« Aucune valeur limite n’a été dépassée. » On retrouve cette phrase dans presque toutes les études sur les pesticides dans l’alimentation. Dès lors, n’y aurait-il donc aucun problème? Une nouvelle étude de Greenpeace Suisse révèle le contraire. En réalité, même si les limites fixées sont rarement dépassées, les risques éventuels sur la santé des consommateurs existent et sont masqués à plusieurs niveaux. Greenpeace exige donc un changement de paradigme qui tienne compte de la valeur limite combinée de toutes les substances nocives.

La maladie de Parkinson, les maladies auto-immunes, le lymphome, la sclérose latérale amyotrophique (SLA) sont des exemples de maladies notamment liées aux pesticides. Des limites pour les pesticides dans les aliments doivent être fixées de telle sorte que la santé des consommateurs soit assurée. En pratique, cela est tout autre. Dans l’étude « Pesticides : des valeurs limites suffisantes pour notre assiette? » Greenpeace Suisse montre que les valeurs limites basses servent avant tout à protéger les intérêts des agrochimiques que la santé des consommateurs.

Une grande ignorance
La dose journalière admissible (DJA) ressemble à un jeu de devinettes. Elle est généralement déterminée sur la base de l’expérimentation animale avec des souris et /ou des rats. On recherche le seuil de dose sans effet toxique (DSET). Cette valeur est tout simplement divisée généralement par 100 pour obtenir la DJA pour l’homme et ne se base sur aucun fondement scientifique. Car la sensibilité entre divers types de rats peut différer d’un facteur de 1 à plus de 800. Les êtres humains aussi peuvent réagir de manière très diverse, surtout les groupes les plus vulnérables, en particulier les bébés, pas suffisamment protégés. En outre, la DJA ne tient donc pas compte du fait que les substances qui agissent sur le même organisme peuvent s’additionner ou même multiplier leur effet par interaction. De plus, l’effet des additifs ne fait l’objet d’aucune étude.

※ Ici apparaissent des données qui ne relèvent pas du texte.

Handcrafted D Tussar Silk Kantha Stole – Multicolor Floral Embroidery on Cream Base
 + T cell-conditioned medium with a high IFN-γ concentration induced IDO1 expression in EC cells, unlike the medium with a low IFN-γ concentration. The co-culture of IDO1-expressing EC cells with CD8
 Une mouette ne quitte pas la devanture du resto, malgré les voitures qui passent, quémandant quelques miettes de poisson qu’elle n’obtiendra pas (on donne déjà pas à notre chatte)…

La pire pratique comme référence
La procédure pour établir la valeur limite des pesticides dans les aliments est tout aussi discutable. Ainsi, le requérant (dans la plupart des cas le producteur de pesticides) doit mener huit à douze essais en plein champ dans différentes régions géographiques sur une certaine culture avec le pesticide en question. La valeur mesurée la plus élevée de résidus sert ensuite de base pour déterminer la valeur limite. C’est ensuite la médiane des résidus mesurés lors des tests en champ et non la valeur limite qui fait foi. Or, la médiane omet la moitié des valeurs mesurées et atteint en moyenne une valeur sept fois inférieure par rapport à la valeur limite, avec pour effet que la DJA peut être nettement dépassée pour certains groupes de la population.

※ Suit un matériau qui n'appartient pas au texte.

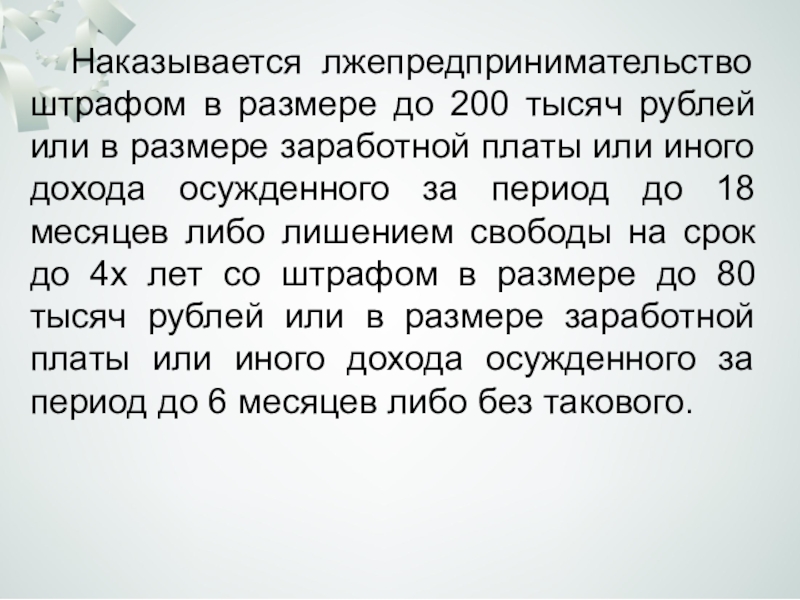 Слайд 57 Наказывается лжепредпринимательство штрафом в размере до 200 тысяч рублей или в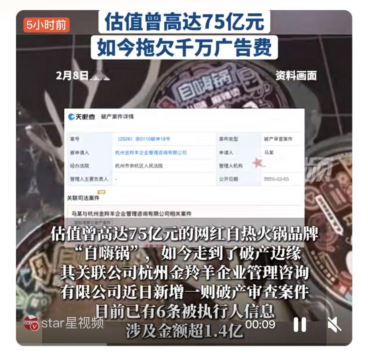 曾估值75亿元的网红自热火锅品牌自嗨锅,其关联公司杭州金羚羊于2026年2月被申请破产审查。公司负债超1.4亿元,创始人被限制高消费;叠加行业降温、市场需求下滑、资本退潮,昔日消费赛道顶流已彻底陷入破产边缘。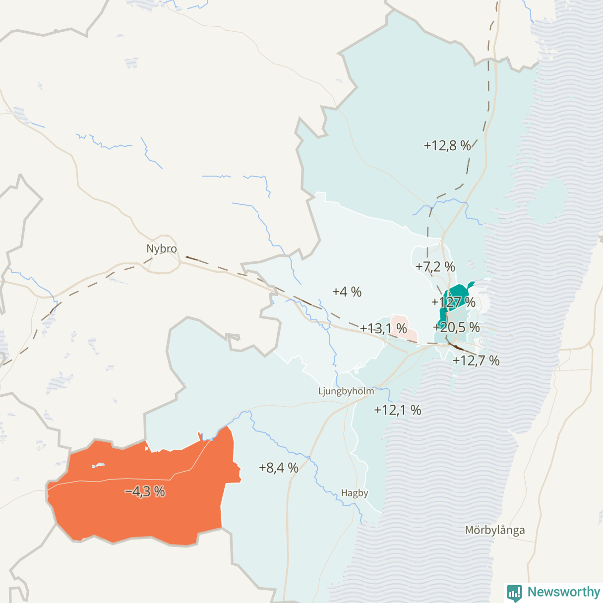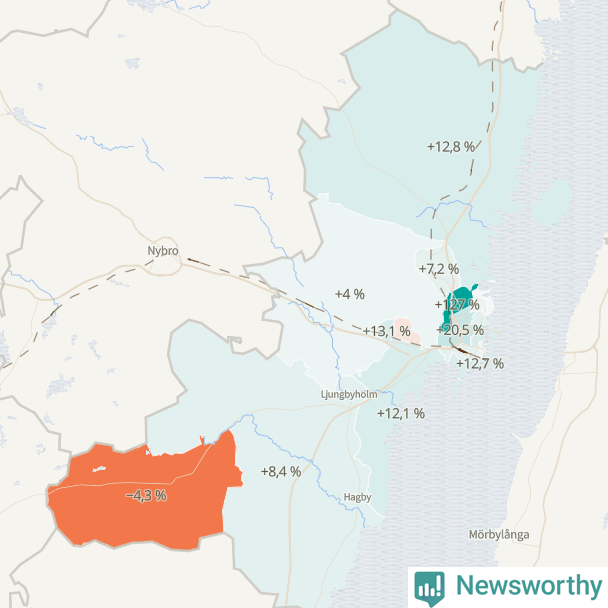 | Kalmar norra kommundelen | 4 176 | 4 709 | +533 | +13 % ▲ |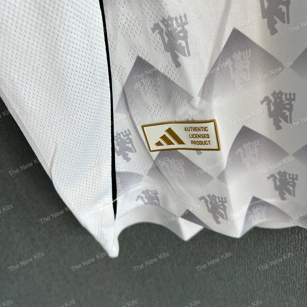 The man utd kit Special “Devil” 25/26 third is a match-ready shirt with bold attitude. It pairs a light base with woven devil motifs. It also offers player-grade fit and ventilation. Wear it on the pitch or display it in your collection.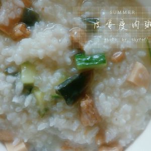 先将瘦肉切成丁,用鸡精生抽。少量的淀粉腌制,不能用酱油,不然颜色会太深。将皮蛋切成丁,然后放入少量的香醋搅拌,这样可以去除皮蛋里边儿的苦涩味。同时在电饭煲中放入大米和适量的水,开始熬成粥。根据个人经验,粥的稀释程度,根据个人口感来定。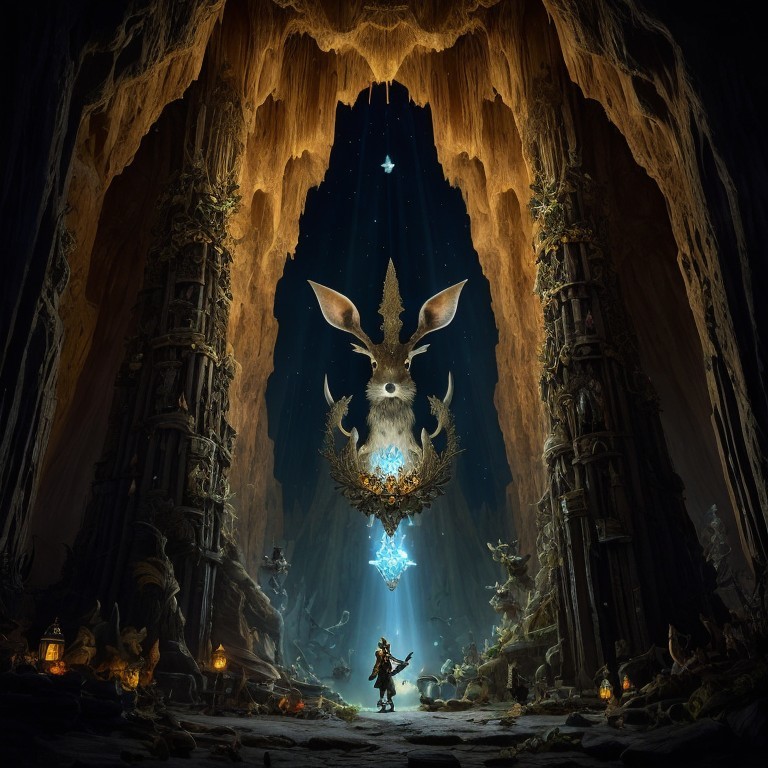 A mystical cave with a glowing skeleton of a winged creature, surrounded by lanterns and smaller figures in a ceremonial arrangement.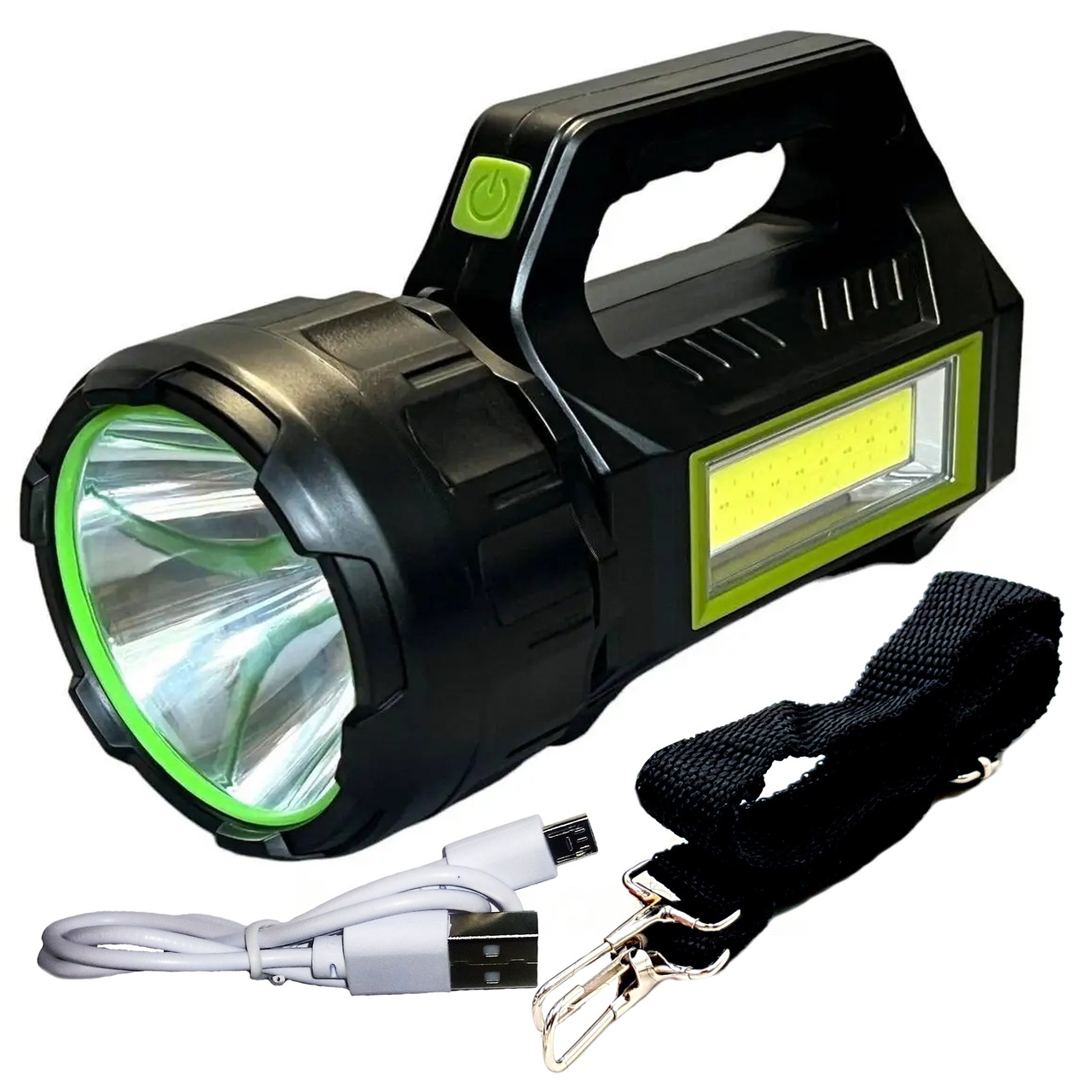 Фонарь Haoerliang HEL-T95 8759 30Вт c Power Bank солнечной панелью Зеленый Мультифункциональный портативный фонарь, с множеством режимов освещения, способен осветить любое место, куда бы вы его ни направили, и будет верным напарником при походах, обходах, кемпинге или просто если остались без света Отличается от других фонарей, большим объемом батареи, что позволяет работать очень продолжительное время, без подзарядки. Большим плюсом будет то, что этот фонарь можно заряжать от солнца, так как в нем встроена солнечная батарея. Также может пригодиться в экстренной ситуации как powerbank, чтобы подзарядить ваш мобильный телефон. Особенности: Прочный и надежный корпус; Прост как в использовании так и в уходе; Имеет две лампы - сбоку и спереди; Есть ремешок для переноски; Заряжается от солнца и сети; Можно зарядить телефон; Предусмотрен индикатор зарядки фонаря.

Ajustements conformes aux souhaits de l’industrie
Il est également étonnant de constater l’adaptation fréquente des valeurs limites. Depuis juin 2014, l’Union européenne (UE) a adapté 42 fois des valeurs limites. Certaines valeurs ont été abaissées, suite à une sous-estimation de la toxicité (comme par exemple le chlorpyrifos). Mais dans la majorité des cas, les valeurs limites ont été revues à la hausse sur demande des producteurs, car la valeur limite en vigueur était trop souvent dépassée en raison de mauvaises pratiques agricoles. Cela prouve à l’évidence que les désirs de l’industrie et de l’agriculture priment sur les objectifs de santé publique.

Et Philippe Schenkel, chargé de campagne Agriculture de Greenpeace de souligner: «L’évaluation des risques et la fixation de valeur limites ne prennent pas en compte le mode de vie de la population. Chacun de nous est exposé aux pesticides et à d’autres substances chimiques qui peuvent interagir sur le même système ». La majorité de la population ingère par exemple davantage de plomb que ce qui est recommandé. L’évaluation des risques suppose qu’il n’y a pas d’autre source de pollution additionnelle. Un changement de paradigme est nécessaire: la réduction de la charge de pollution totale devrait être érigée en priorité.

La politique agricole devrait être orientée vers de meilleures pratiques et non pas en fonction des quantités de substances toxiques, que la majorité des producteurs est en mesure de respecter ou qu’ils acceptent. Pour les pesticides, une limite globale de 0,01 mg / kg devait être introduite, car il est tout à fait possible de produire des aliments sans pesticides.